**EXERCISE INSTRUCTIONS:** Taking the line with "Considering the complex" as the first and the last line of the listing as the final one, please copy exactly those lines and no others, without pictures.

**DATA SECTION:**
[Start of section]

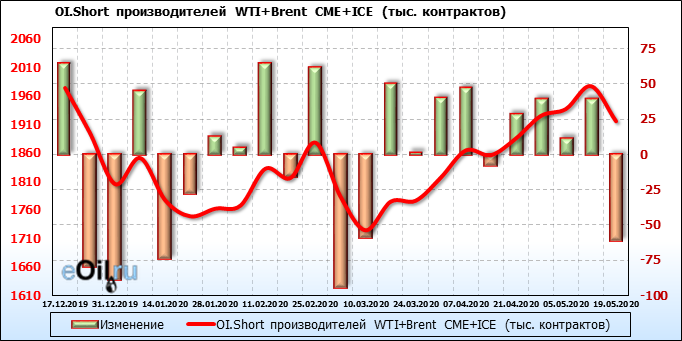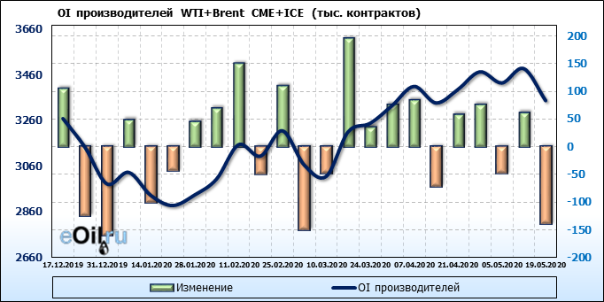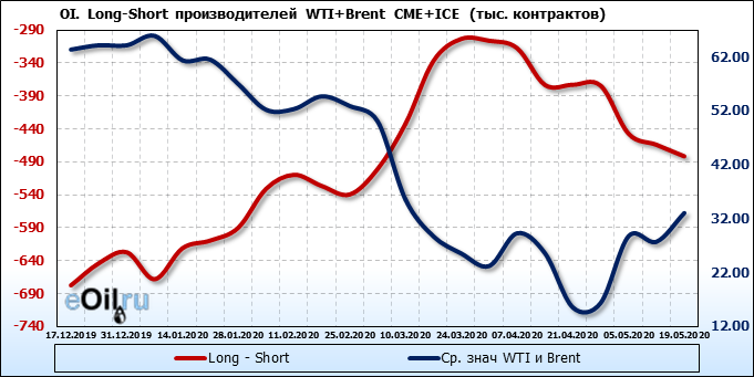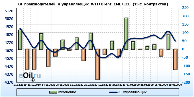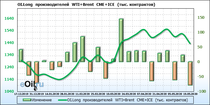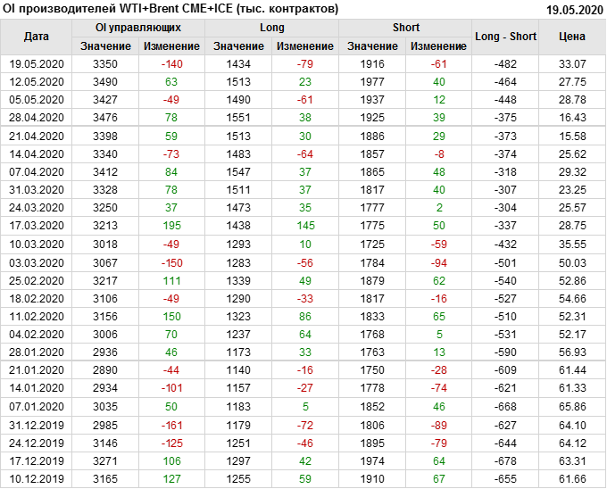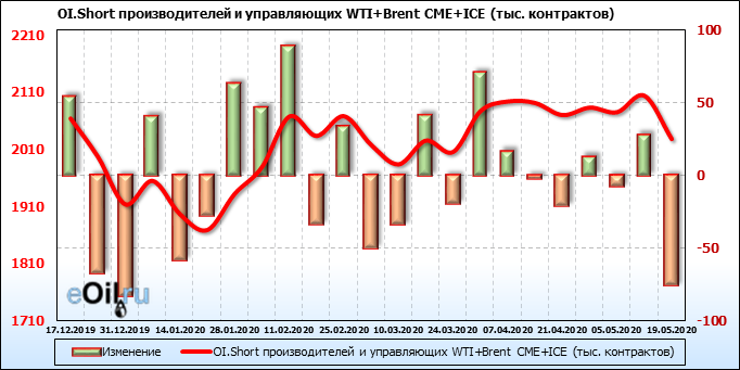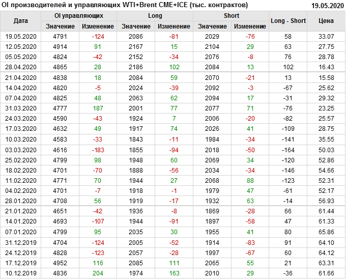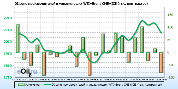 За прошлую неделю, 13.05.20 — 19.05.20, разница между длинными и короткими позициями производителей и управляющих упала на 5 тыс. контрактов. За отчетный период времени, цена выросла на 5.32 доллара. Разница совокупного объема длинных и коротких позиций производителей и управляющих на прошедшей неделе снизилась, в то время как цены выросли. Рынок теряет доверие покупателей, что, при продолжении данной динамики, приведет к стабилизации или падению цен в ближайшее время.
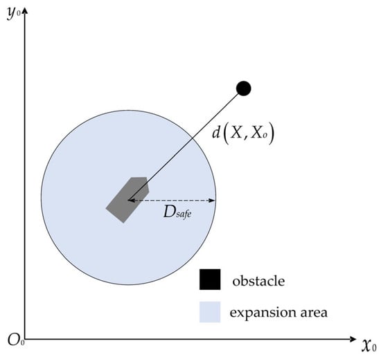 Considering the complex and changeable nature of the actual navigation environment, the USV cannot simply be regarded as a mass point. To ensure the safety of the USV during the process of bypassing obstacles, we set a safe expansion area for the USV to ensure that the distance between the USV and obstacle is always greater than the safety distance , as shown in Figure 7.
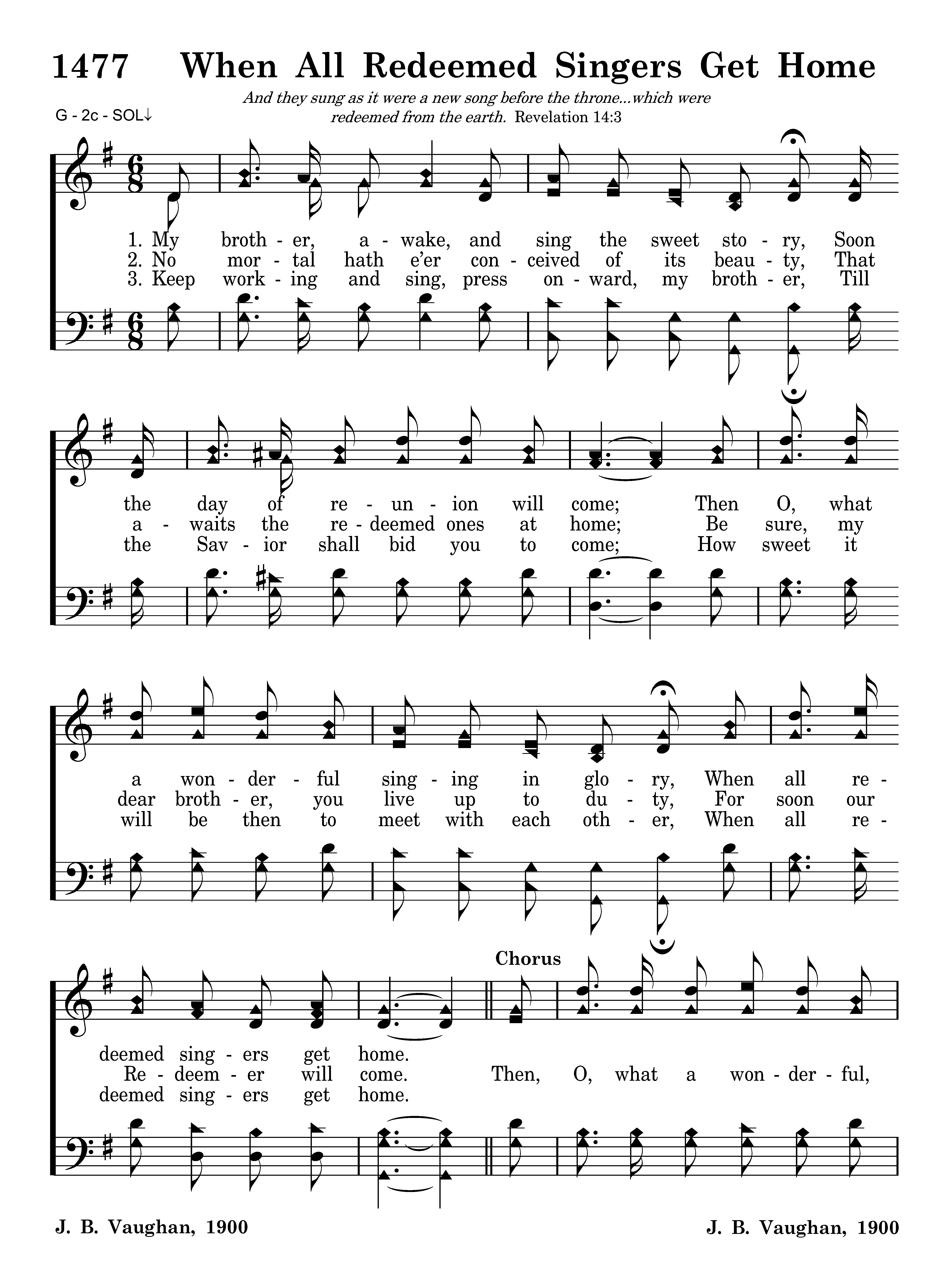 My brother, awake, and sing the sweet story,Soon the day of reunion will come; Then O, what a wonderful singing in glory, When all redeemed singers get home.

[End of section]

**PROBLEM SOLUTION:**
 Considering the complex and changeable nature of the actual navigation environment, the USV cannot simply be regarded as a mass point. To ensure the safety of the USV during the process of bypassing obstacles, we set a safe expansion area for the USV to ensure that the distance between the USV and obstacle is always greater than the safety distance , as shown in Figure 7.
 My brother, awake, and sing the sweet story,Soon the day of reunion will come; Then O, what a wonderful singing in glory, When all redeemed singers get home.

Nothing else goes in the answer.